Tout en conservant un pied-à-terre à Paris, Michel Bühler se réinstalle à L’Auberson, à la fin des années septante. Ce retour au calme et aux sources, sur la terre de ses ancêtres, sera bénéfique à son activité d’écriture. Car celui qui manie le verbe avec poésie et force pour rédiger ses chansons est aussi un écrivain et dramaturge.
Avec La Parole volée, publié en 1987 aux éditions Bernard Campiche, il s’inspire de l’expérience vécue par sa famille pour évoquer la fermeture des usines de Sainte-Croix. Critique de la mondialisation, roman social, le succès, littéraire cette fois, est au rendez-vous. « Une grande qualité qu’il avait, c’était cette façon de parler des petites gens dans ses romans et dans ses chansons », relève Bernard Campiche, son ami et éditeur. C’est que celui qui est désormais un chanteur mais aussi un écrivain reconnu s’emploie, dans son art comme dans sa vie, à soutenir les causes qu’il estime justes, proches ou lointaines. Ainsi, il participe à des concerts humanitaires en Ethiopie, en Roumanie, se rend en Haïti, dans les territoires palestiniens, à Beyrouth, au Burkina Fasso… Engagé à l’extrême gauche, sans adhérer au parti, il soutiendra Josef Zysiadis, un ami, chroniquera régulièrement dans le journal du POP et dans le Courrier, siégera une trentaine d’années au Conseil communal de Sainte-Croix dans les rangs du Parti socialiste, et sera élu à l’Assemblée constituante vaudoise.

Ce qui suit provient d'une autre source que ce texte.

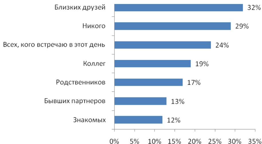
Рис. №7: Кого, помимо своего любимого человека, вы поздравляете с 14 февраля?

Интересен и тот факт, что многие россияне в этот день признаются в любви не только своим вторым половинкам, но и другим дорогим им людям. Так, например, 32% отметили, что поздравляют своих близких друзей (32%), родственников (17%), коллег (19%) и др. Однако, в этом году 29% жителей крупных городов России не планируют поздравлять кого-либо с праздником любви (см. рис. №7).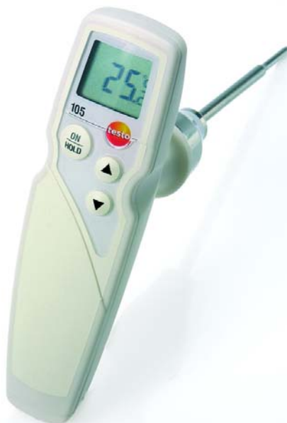
Прочный пищевой термометр со сменными измерительными наконечниками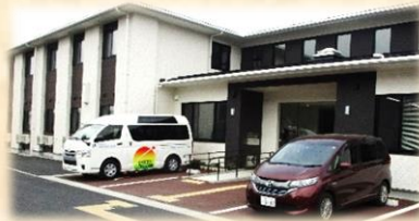
高齢者施設（環境整備）：1時間 300円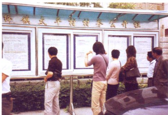
太平村村务公开栏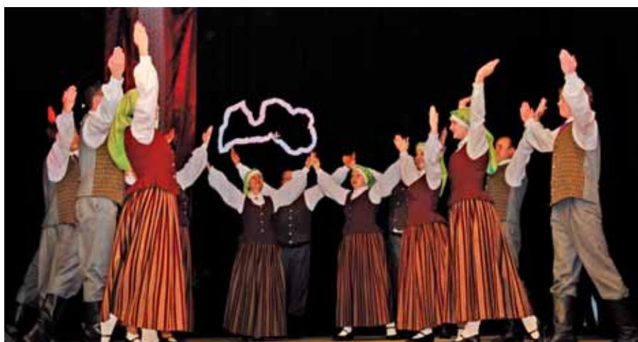
Vidējās paaudzes deju kolektīvs "Sēji."

savas valsts pastāvēšanu, jāstiprina un jāveicina sava piederība tautai. Jātur godā Latvijas sarkanbaltsarkanais karogs. Ģimenē jārunā par tā laika notikumiem un par to, kā rīkoties šodien. Mēs ne uz brīdi nedrīkstam aizmirst, ka pieradam Latvijai. Šobrīd kaut ko paredzēt nav iespējams. Vienā momentā mēs esam laimīgi, bet jau nākamajā brīdī var notikt, kas negaidīts un pārdzīvojumiem sēts. Francijas galvaspilsētā Parīzē nesen notiekošais ir pierādījums tam, ka dzīve var būt nežēlīga. Tieši tāpēc valsts prezidents Raimonds Vējonis 15. un 16. novembrī visā valstī iedzīvotājus aicināja izkārt valsts karogu sēru noformējumā, solidarizējoties ar Francijas valsti. Mums atliek domāt un sirdī būt kopā, būt vienotiem.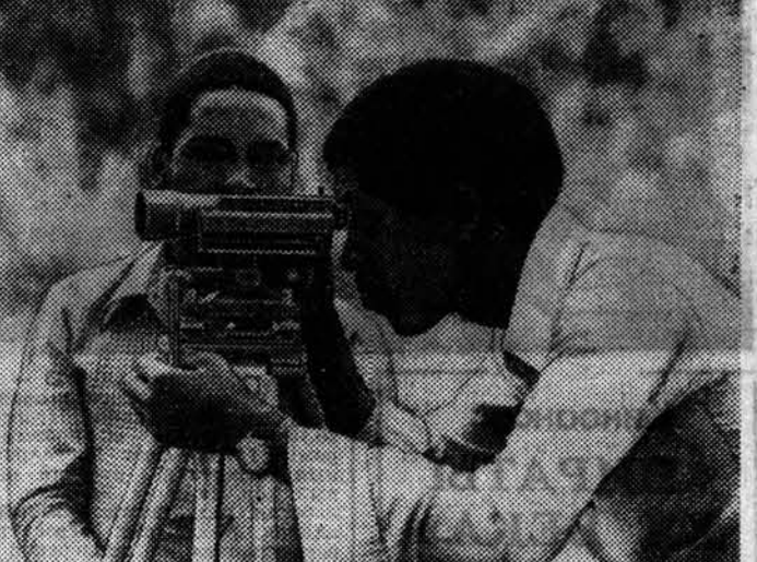
В ОБЪЕКТИВЕ — МОЗАМБИК

НАРОДНАЯ РЕСПУБЛИКА МОЗАМБИК строит новую жизнь. Уже более пяти лет трудящиеся страны под руководством партии ФРЕЛИМО проводят широкие социально-экономические преобразования. Земля перешла в руки тех, кто ее обрабатывает, общедоступными стали здравоохранение и образование. Обеспечить всех трудящихся жильем — такова цель долгосрочной программы жилищного строительства. В предместьях крупных городов вырастают города-спутники, тысячи семей уже переехали в благоустроенные квартиры.

S’illustrant dans la défense du droit d’asile et des sans-papiers, sensible à l’écologie, il aura livré ces vingt dernières années un combat acharné contre le projet du parc éolien dans la région. Très affecté par cette lutte, il en tirera un roman en 2021, Les Maîtres du vent. « Il a été une sacrée locomotive et il va nous manquer c’est sûr, mais le collectif est solide et va continuer sans lui », assure Bernard Campiche, président de l’Association pour la sauvegarde des Gittaz, du Mont des Cerfs et de Sainte-Croix.
Un départ non loin de la scène
Très attaché à sa région et pour faire vivre son identité artistique, Michel Bühler participera également avec ses trois copains du coin, Denis Alber, Le Bel Hubert et André-Daniel Meylan, à la soirée initiale du Carré d’As, en 2001, dont sera issue ensuite l’association éponyme qui continue aujourd’hui à proposer des manifestations musicales à Sainte-Croix.
Si depuis 2018, l’artiste aux multiples casquettes avait progressivement pris sa retraite, il continuait néanmoins à participer ponctuellement à des spectacles et autres projets. Ainsi, jeudi 3 novembre dernier, il était sur scène, une dernière fois. Invité par son ami artiste Marc Aymon pour participer à un concert au Musée du Léman, il a interprété Une Louise dans chaque port, de Gilles. Entouré d’artistes romands, pour certains de la toute nouvelle génération, Michel Bühler n’en était pas moins comme un poisson dans l’eau, bienveillant et généreux avec le public comme avec ses collègues. « Il a retourné la salle », raconte Marc Aymon, encore touché par la présence jeudi d’un artiste qui montrait son soutien en répondant présent tout simplement. « Quand Michel est monté sur scène, il a dit « Je remercie ces jeunes d’accueillir un vieux comme moi ». Mais en fait il était beaucoup plus jeune et moderne que nous d’une certaine façon, et le public était heureux de le voir, de le revoir ».
Aimé pour son authenticité, son grand cœur, et même ses idées bien arrêtées, Michel Bühler aura eu la joie et le privilège peu répandu de pouvoir vivre de son art durant ses cinquante ans de carrière. Affaibli ces derniers mois par des problèmes respiratoires, il n’en continuait pas moins d’avoir des projets, de publication notamment, depuis sa maison à Sainte-Croix.
L’émotion est vive pour son entourage. Nous pensons, notamment, à son épouse Anne avec qui il partageait sa vie depuis 30 ans. La nouvelle de son décès a affecté aussi tous ceux qui avaient l’habitude de le croiser à Sainte-Croix, notamment au Cercle espagnol où il aimait prendre l’apéro et partager avec les gens du coin en toute simplicité.